**SOURCE RECORDS:**

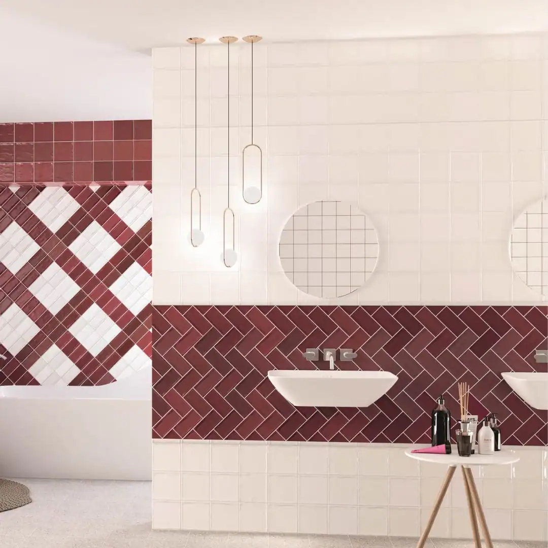 With its rich tone and luminous finish, Chic Carmin is a striking deep red wall tile for standout interiors. Choosing this deep red wall tile adds intensity, style and a contemporary touch.
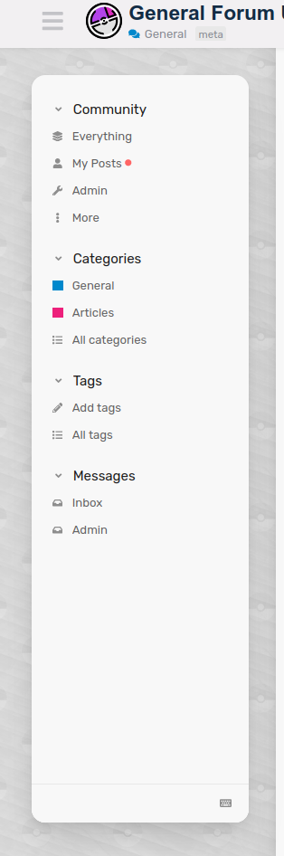 What if the Community, Categories, and Tags tabs were put below the Profile tab? This would put everything in one place, with a single click to your profile picture.
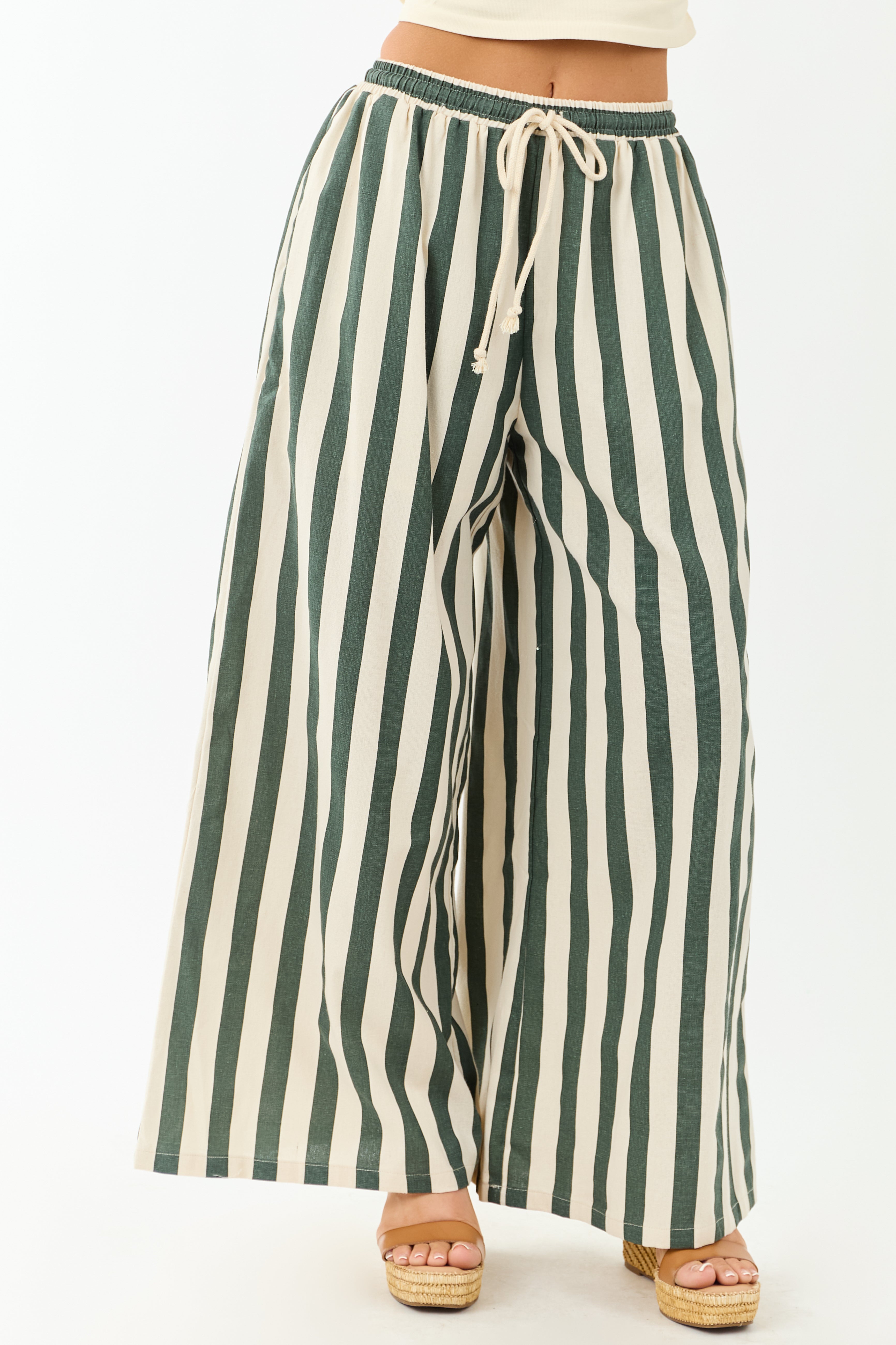 Discover the perfect blend of earthy tones and elevated style with our flowy linen blend wide leg pants. Available in sizes small, medium, and large to fit waist sizes ranging from 26 to 32 inches with inseams of 28 to 29 inches. These non-stretchy pants feature a stretchy smocked waistband, adjustable drawstring, side pockets, shorts lining, and are made from a composition of 30% Linen, 30% Cotton, 20% Polyester, and 20% Viscose. Imported for quality assurance. Please note that variations may occur due to the unique cutting and sewing process. Embrace the individuality and charm of each piece. Our model is wearing a size Small. Model Dimensions: Size 1, Height 57″, Bust 34″, Waist 26″.
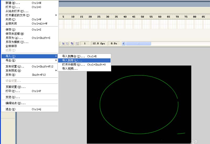 1、启动flash8,执行文件-新建命令,新建一个大小为800*600,帧频为12fps,背景颜色为黑色的文档。
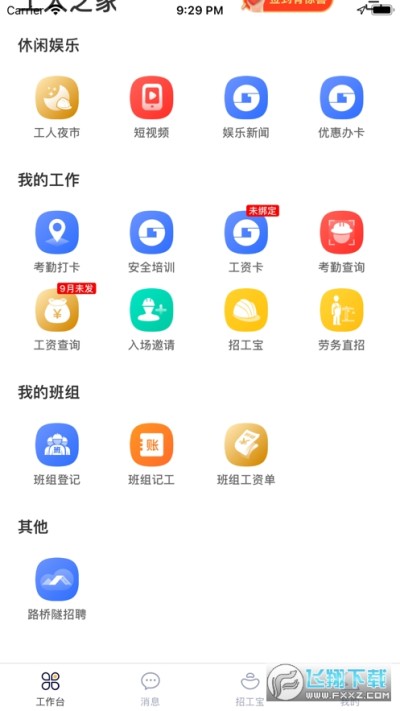 1、打开桂建通工人端app,即如图:先点击"绑定银行卡”
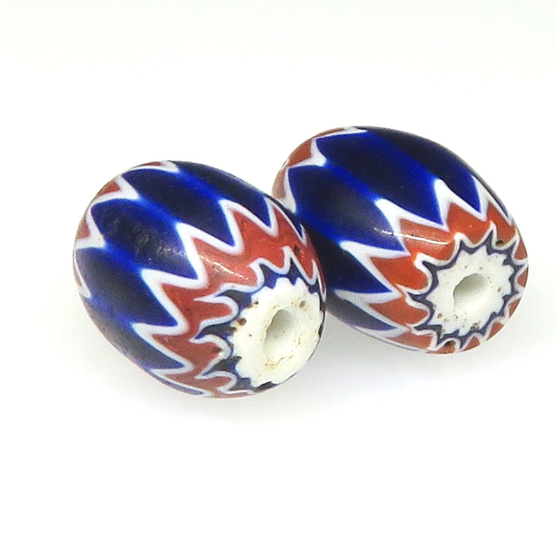 | 説明 | ヴェネチア製、アフリカ渡り。 可愛い小粒のシェブロンです。 丁寧に作られた6層は、小粒ながら見ていてため息が出ます。 似たようなデザイン・サイズのもの2個セットです。 |

**WHAT THIS TASK INVOLVES:**
Nothing but the lines from the first line of the data through the line with "What if the" belongs in the answer, copied exactly and without pictures.

**COMPLETED TASK:**
 With its rich tone and luminous finish, Chic Carmin is a striking deep red wall tile for standout interiors. Choosing this deep red wall tile adds intensity, style and a contemporary touch.
 What if the Community, Categories, and Tags tabs were put below the Profile tab? This would put everything in one place, with a single click to your profile picture.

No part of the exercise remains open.